Shakti Bahadur Basnet (शक्ति बहादुर बस्नेत; born 11 May 1969) is a Nepalese politician and former Minister of Forest and Environment. He is a Central Committee Member of Nepal Communist Party. He served as Minister of Energy, Water Resources and Irrigation.

He served as Minister of Home Affairs. He inaugurated the campaign "Police My Friend". In December 2015, he had taken actions against the protesters hurling petrol bombs towards President Bidhya Bhandari at Janakpur, Nepal. PM KP Oli expressed discontent with him after he acted against the PM's instruction to stop the transfer of CDOs. He served as Minister of Health and Population under the prime minister Jhala Nath Khanal.

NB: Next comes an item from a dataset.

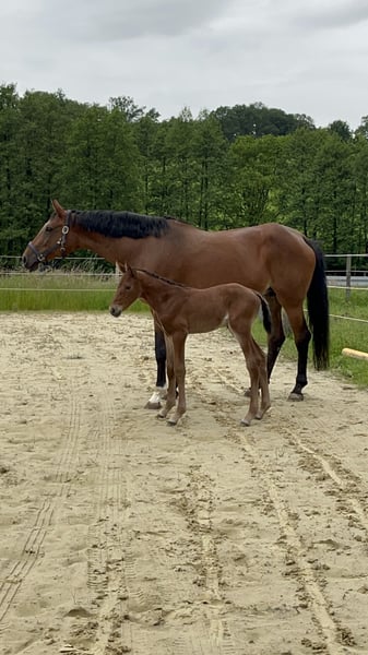We are offering our main premium mare, Ce la vie, born in 2013. She is by Carrico (Catoki) out of Arpeggio / Francisco I, and was trained in dressage up to level M during her first six years, thanks to her excellent movement dynamics and rideability. Due to a change in her rider and her outstanding pedigree, she was then retired to breeding and has given us five beautiful foals. In the meantime, she was ridden again for a year and also showed talent in show jumping. Currently, she is in foal to Global Dancer, expected to foal around May 12, 2026. Ce la vie is of high rank and possesses a very reliable and honest character. She has been regularly wormed, presented to the farrier, and is loading well. With Ce la vie, all options are open: she is a very loving mother but can also be restarted under saddle and used as a riding horse. The foals from 2024 and 2025 are still in our possession and can be visited on-site. The colt from this year has been approved for the foal championship in Lienen and placed 12th among the jumping-oriented foals. Pocket Rocket MB is also available for purchase. Please feel free to contact me if you are interested.

He was elected in the 2017 Nepalese legislative election from Jajarkot district constituency number 1.

== Early years ==
In 1990, he began his active career into politics with alias Suresh Singh. In 1998, he was selected as Central Committee Member of UCPN Maoist.

== Family ==
He was born in Kalegaun, Jajarkot, Nepal to father Danda Bir Basnet and mother Dharma Kumari Basnet. He is married to fellow politician Satya Pahadi.